> YOUR TASK
Once you find the line below that has "初级药师要什么条件(初级药师可以做什么工作)", output it and every line after it exactly, stopping after the line that has "About this item", with no pictures.

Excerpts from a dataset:
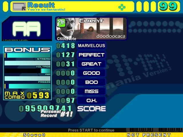 EDIT: OH MY GOD FINGERS ON FIRE!!!!! I WAS MOVING EXTREMELY FAST!! INSANE! ![]() ^One of my best scores of alltime. Last edited by TA_WReCKLeSS; 09-4-2006 at 01:54 AM.. |
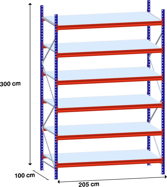 niz 1 x 195 cm/gl. 100 cm/H 300 cm/6 polic/350 kg na polico/kovinsko polnilo
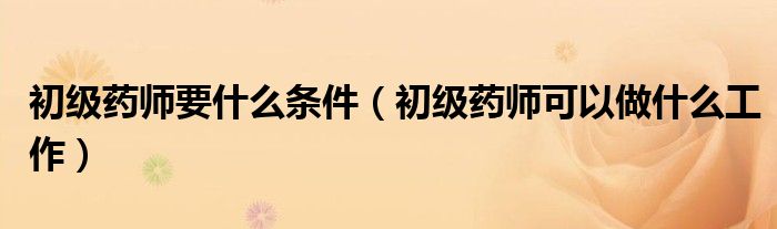 初级药师要什么条件(初级药师可以做什么工作)
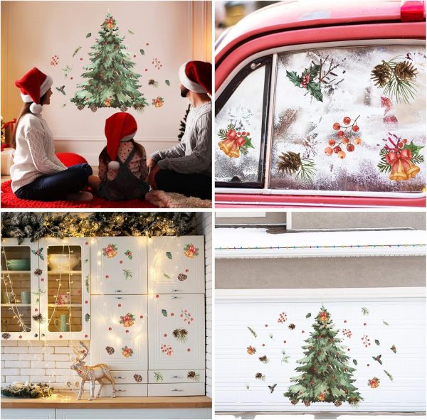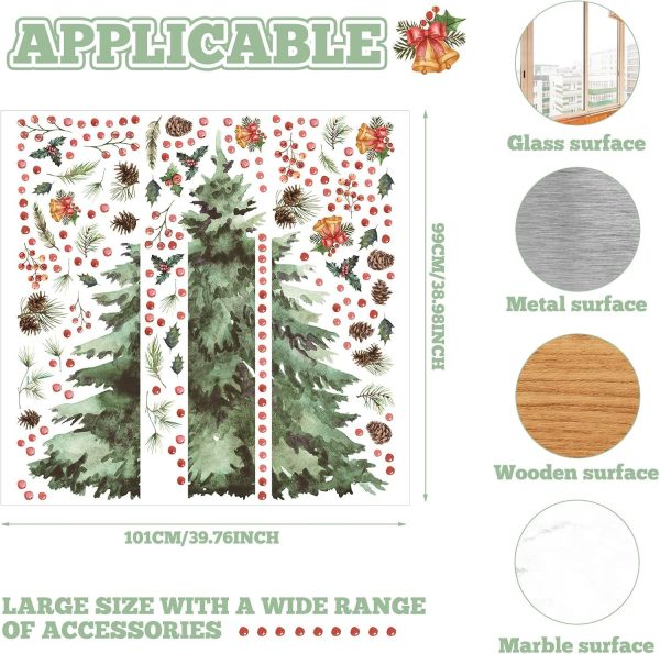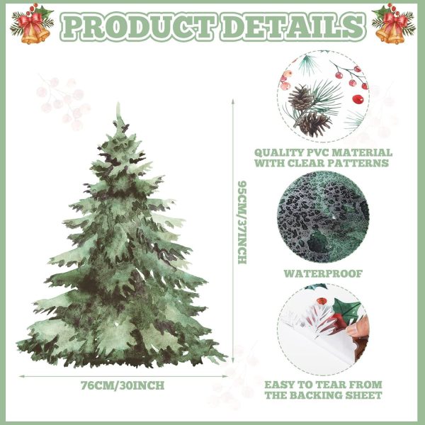 About this item Christmas Wall Decals: the Christmas tree wall decal is beautiful and composed of patterns like Christmas trees, berries, pine cones and bells, and the watercolor design makes it more exquisite and delicate, ideal for your decoration during Christmas Material: Sticker Easy to Apply and RemoveNo need for nails, glue, or tape Safe and Sturdy: made of quality PVC material, our Christmas tree wall sticker is well printed and not easy to break or fade, non toxic and odorless, convenient for you to stick and peel off without residuals, and easier to clean than other Christmas window stickers Large Dimension: the Christmas tree stickers are approx. 96 x 76 cm/ 37.8 x 29.92 inches, large size for your wall or window decoration, creating a beautiful scenery line and making the room more funny and warmer
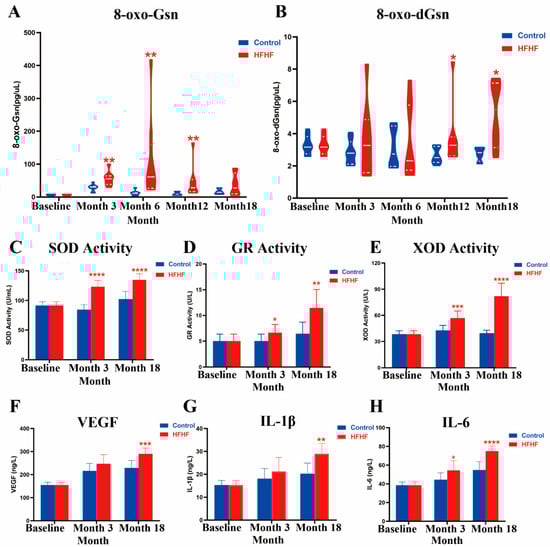 Changes in oxidation and inflammation levels during this study. Evolution of 8-oxo-Gsn (A) and 8-oxo-dGsn (B) during the study for the normal diet (control, blue) and high-fat, high-fructose diet (HFHF, red) groups. Results are shown as the median (interquartile range). (C,D) Effects of diet on SOD (C), GR (D), and XOD (E) activity at the beginning (baseline) and after 3 (month 3) and 18 (month 18) months of control and HFHF diet. (F–H). Effects of diet on VEGF (F), IL-1β (G), and IL-6 (H) during the study at the beginning (baseline) and after 3 (month 3) and 18 (month 18) months of treatments. Results are shown as the mean ± SD. * Significant results versus the age-matched control group: * p < 0.05, ** p < 0.01, *** p < 0.001, **** p < 0.0001.

> SOLUTION
 初级药师要什么条件(初级药师可以做什么工作)
 About this item Christmas Wall Decals: the Christmas tree wall decal is beautiful and composed of patterns like Christmas trees, berries, pine cones and bells, and the watercolor design makes it more exquisite and delicate, ideal for your decoration during Christmas Material: Sticker Easy to Apply and RemoveNo need for nails, glue, or tape Safe and Sturdy: made of quality PVC material, our Christmas tree wall sticker is well printed and not easy to break or fade, non toxic and odorless, convenient for you to stick and peel off without residuals, and easier to clean than other Christmas window stickers Large Dimension: the Christmas tree stickers are approx. 96 x 76 cm/ 37.8 x 29.92 inches, large size for your wall or window decoration, creating a beautiful scenery line and making the room more funny and warmer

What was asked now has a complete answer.